My goal for this upcoming trout season is to put one on the wall. It hs to be a minimum of 22" though. What is this going to cost me? Also I noticed when I catch trout, when I take them out of water they discolor very fast. What is the best way to get the fish to the taxidermist? Thanks in advance.

Dough


----------



## unregistered55 (Mar 12, 2000)

In taxidermy like most other things, you get what you pay for. Look at a taxidermist's fish FIRST before you decide who to take your trophy to. If you want a brown mounted, look at browns...not other species. Some guys can do panfish, bass, and other warmwater fishes very well, but flounder(pun intended) at trout and salmon. I think you'll be looking at $10.00/inch and more for a quality you'd be satisfied with. Remember that the sting of poor quality lasts much longer than the happy moment of a cheap price. All fish lose their colors when the die so don't worry about that. A good fish taxidermist can restore the colors accurately. More important is to prevent scale loss or fin/tail splits. Keep the fish wet. SOAK a bath towel with water and wrap your trout in that. Then put the wrapped fish in a large plastic garbage bag and roll/wrap the bag around the fish to force the air out. Tie the garbage bag closed and tape it tight around the fish. Then freeze it laid out flat and straight. It will keep for a LONG time that way while you shop. Good luck on the 22"er!


----------



## doughman (Dec 7, 2005)

Thanks Perca, Boy do I feel stupid, I have thrown away or eat'n several mounters but thought I had done something wrong when they discolored on the way home or when left in the freezer. 
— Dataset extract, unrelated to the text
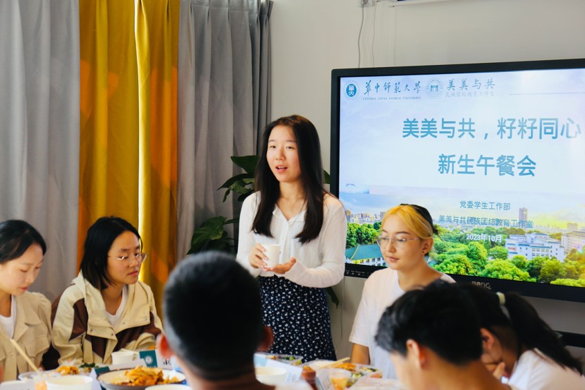 Voice of CCNU In order to further implement the concept of "education with temperature" and understand the adaptability of freshmen at school, at noon on October 17, the first activity of the fifth Minority Students' Career Navigation Month, sponsored by the Student Work Department of the Party Committee and hosted by the Communist National Unity Education Studio, was successfully held. Located on the fifth floor of Building B of the new University Student Activity Center, Huada National Unity and Progress House welcomed its first group of "guests". The event invited Yang Jun, Vice Minister of the Department of Student Affairs, Wu Jiancheng, Deputy Director of the Department of Student Affairs, Li Chao, Office of Undergraduate Affairs and School Management, Sun Danxia, library to attend, all the teachers of the Office of Ethnic Unity Education of the Department of Student Affairs, representatives of 2023 students from 21 colleges and 13 ethnic groups to participate in the activity, the lunch was hosted by teacher Meheli Guri. In a relaxed and pleasant lunch atmosphere, teachers and students share special food and chat about GUI Zi Xinsheng.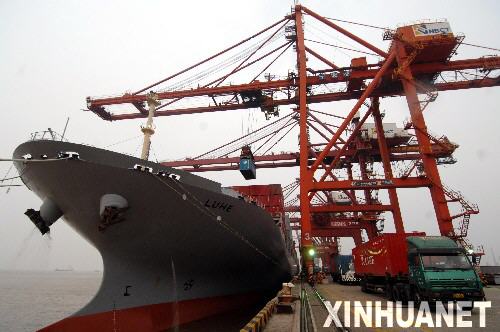 資料圖片:2007年7月16日,一艘貨輪在寧波北侖港裝卸集裝箱。黨的十六大以來,我國緊緊抓住加入世貿(mào)組織的重大機(jī)遇,積極參與經(jīng)濟(jì)全球化,著力提高對(duì)外開放水平,基本形成全方位對(duì)外開放格局。對(duì)外開放促進(jìn)了國民經(jīng)濟(jì)增長,加快了產(chǎn)業(yè)升級(jí),擴(kuò)大了就業(yè),增加了稅收,為實(shí)現(xiàn)全面建設(shè)小康社會(huì)戰(zhàn)略目標(biāo)、構(gòu)建和諧社會(huì)提供了重要保障。新華社發(fā)

These will look good in my man cave.

Thanks


----------



## unregistered55 (Mar 12, 2000)

You're entirely welcome. I know of more than a few fishermen who lived to regret releasing a big fish. Replicas don't seem to be as gratifying on the wall as THE fish that was released...eh?


----------



## DZtaxidermy (Mar 26, 2002)

doughman said:


> My goal for this upcoming trout season is to put one on the wall. It hs to be a minimum of 22" though. What is this going to cost me? Also I noticed when I catch trout, when I take them out of water they discolor very fast. What is the best way to get the fish to the taxidermist? Thanks in advance.
> 
> Dough


Perca pretty much nailed everything you need to know. Here is a thread also which has proper field care too. 

http://www.michigan-sportsman.com/forum/showthread.php?t=133168


----------